GH-48198: [C++][Parquet] Fix all the testcase issues to enable Parquet DB support on s390x by Vishwanatha-HD · Pull Request #48200 · apache/arrow

Vishwanatha-HD · 2025-11-21T12:11:36Z

Rationale for this change

This PR is intended to enable Parquet DB support on Big-endian (s390x) systems. The fix in this PR fixes all the remaining testcase issues.

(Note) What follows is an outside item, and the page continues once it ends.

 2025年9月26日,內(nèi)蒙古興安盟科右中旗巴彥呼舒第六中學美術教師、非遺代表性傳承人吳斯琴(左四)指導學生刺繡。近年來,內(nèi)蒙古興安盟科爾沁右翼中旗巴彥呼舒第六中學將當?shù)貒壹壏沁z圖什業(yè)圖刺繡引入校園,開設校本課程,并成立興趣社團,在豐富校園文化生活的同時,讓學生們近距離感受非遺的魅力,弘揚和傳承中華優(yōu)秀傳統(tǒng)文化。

The fix mainly involves the byte swapping in order to take care of endianness issues.

What changes are included in this PR?

The fix includes changes to following testcase files:
cpp/src/arrow/dataset/file_parquet_test.cc
cpp/src/arrow/util/byte_stream_split_test.cc
cpp/src/parquet/arrow/arrow_reader_writer_test.cc
cpp/src/parquet/column_writer_test.cc
cpp/src/parquet/encoding_test.cc
cpp/src/parquet/level_conversion_test.cc
cpp/src/parquet/metadata_test.cc
cpp/src/parquet/reader_test.cc
cpp/src/parquet/statistics_test.cc
cpp/src/parquet/types_test.cc

Are these changes tested?

Yes. The changes are tested on s390x arch to make sure things are working fine. The fix is also tested on x86 arch, to make sure there is no new regression introduced.

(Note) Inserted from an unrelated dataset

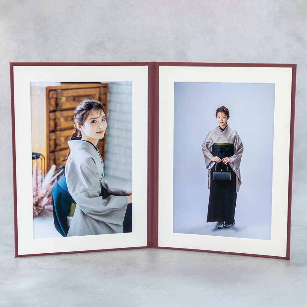 ・写真台紙 プリント印刷付き 仕上げ【凛・エンジ】A4 2面 卒業 記念写真 ZDR2
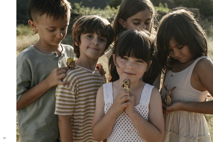 Los niños juegan y disfrutan de la naturaleza a la vez que ejercen de narradores, casi titiriteros, a partir de una serie de objetos artesanos que cobran vida entre las páginas al ritmo de las fotografías, instantes mágicos y poéticos de infancia que hilan las aventuras de Perro, Chanchita y Conejo. Las creaciones, esculturas de corcho, interactúan con los pequeños y con las flores -eterno lugar de encuentro-; al mismo tiempo que descubrimos los "tesoros" que, (¿quién no portó... Seguir leyendo

Are there any user-facing changes?

No

GitHub main Issue link: #48151

GitHub Issue: [C++][Parquet] Fix all the Testcase issues to enable Parquet DB support on s390x #48198

github-actions · 2025-11-21T12:12:01Z

⚠️ GitHub issue #48198 has been automatically assigned in GitHub to PR creator.

k8ika0s · 2025-11-23T22:47:31Z

@Vishwanatha-HD

Looking over this batch of tests, a few patterns in how the expected bytes are formed caught my eye. Nothing alarming — just places where BE ends up taking a slightly different journey than LE depending on where the normalization happens.

• Half-floats: the assertions use the raw bits from the array, so BE naturally ends up comparing against host-order patterns unless those values get flipped before they reach the check.

• INT96 and other scalar stats: some expected strings are built straight from native-order limbs, which means the two architectures diverge a bit unless they’re pushed through one consistent conversion point.

• ByteStreamSplit: since the inputs to the encoder come in as native-order integers, the resulting split streams follow whatever the host layout is unless they’re normalized up front.

• Page-index and stats checks: a few comparisons still assume host-order for floats/doubles, while others already expect swapped limbs.

Individually these are all reasonable, but they do lead to small differences on BE because the tests anchor themselves at slightly different spots in the pipeline. Pulling the expectations toward one shared byte layout in a couple of places would likely smooth that out across hosts.

Vishwanatha-HD · 2025-11-24T13:28:03Z

@Vishwanatha-HD

Looking over this batch of tests, a few patterns in how the expected bytes are formed caught my eye. Nothing alarming — just places where BE ends up taking a slightly different journey than LE depending on where the normalization happens.

• Half-floats: the assertions use the raw bits from the array, so BE naturally ends up comparing against host-order patterns unless those values get flipped before they reach the check.

• INT96 and other scalar stats: some expected strings are built straight from native-order limbs, which means the two architectures diverge a bit unless they’re pushed through one consistent conversion point.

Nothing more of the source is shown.